• _Collected data_
────────────────────

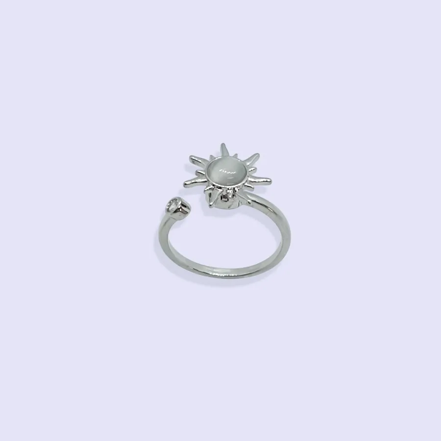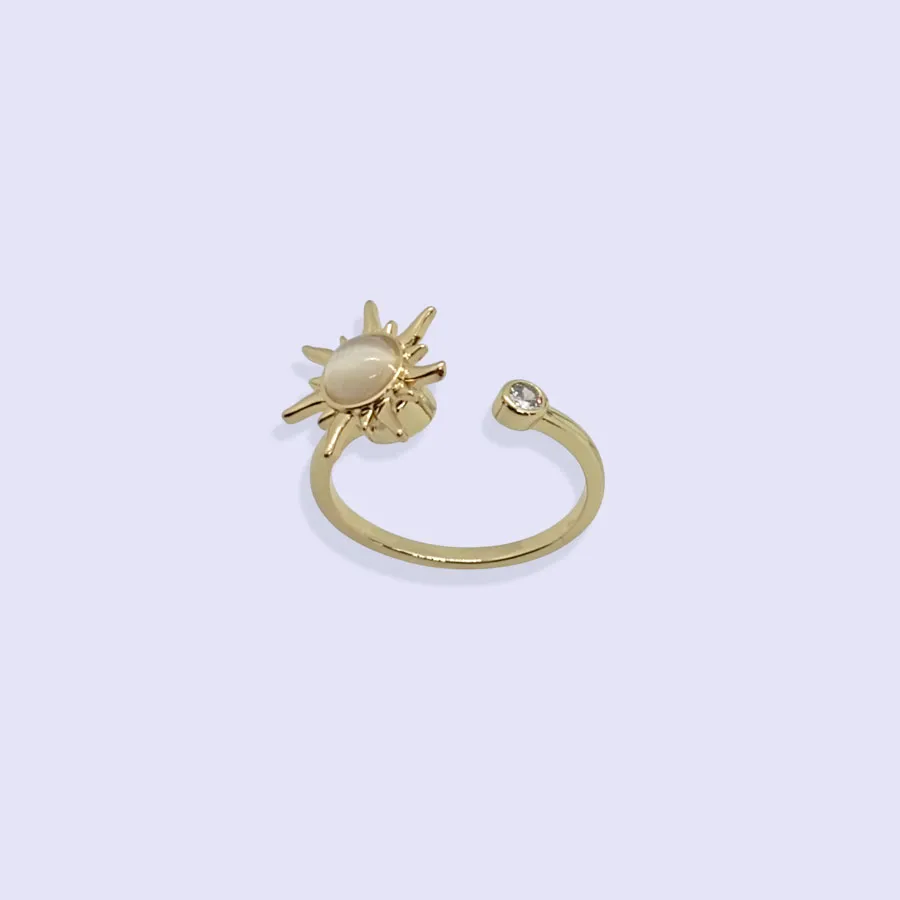 Bague ANTI-STRESS SOLEIL redimensionnable en acier inoxydable doré ou argenté, anneau tournant design soleil et oxyde de zirconium.
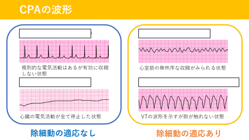 しない状態 除細動の適応あり 除細動の適応なし CPAの波形
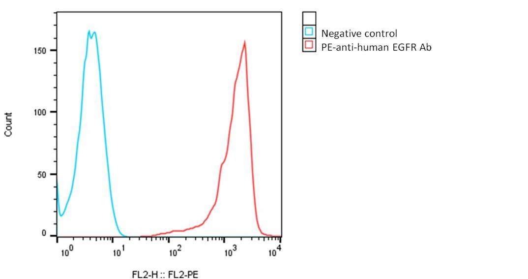 Detection of human EGFRvIII expression on human EGFRvIII-CHO-K1 stable cells using the PE-anti-human EGFR antibody (R&D Systems, Cat. #FAB9577P).
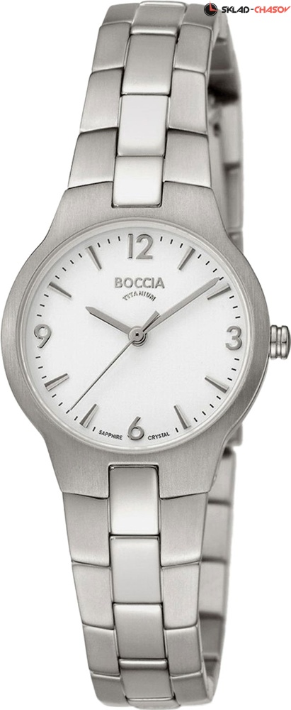 Стильные женские часы Boccia на браслете. Точность хода обеспечивает японский кварцевый механизм Miyota. Браслет с раскладывающейся застежкой. Обхват запястья от 150 до 200 мм. Гарантия 2 года. Комплектация: Часы, фирменная упаковка, инструкция на русском языке, заполненный гарантийный талон.

────────────────────

Write out exactly the lines from the line that contains "Detection of human" through the end of the material, including both ends. No pictures belong in the copy.

• _Solved problem_
 Detection of human EGFRvIII expression on human EGFRvIII-CHO-K1 stable cells using the PE-anti-human EGFR antibody (R&D Systems, Cat. #FAB9577P).
 Стильные женские часы Boccia на браслете. Точность хода обеспечивает японский кварцевый механизм Miyota. Браслет с раскладывающейся застежкой. Обхват запястья от 150 до 200 мм. Гарантия 2 года. Комплектация: Часы, фирменная упаковка, инструкция на русском языке, заполненный гарантийный талон.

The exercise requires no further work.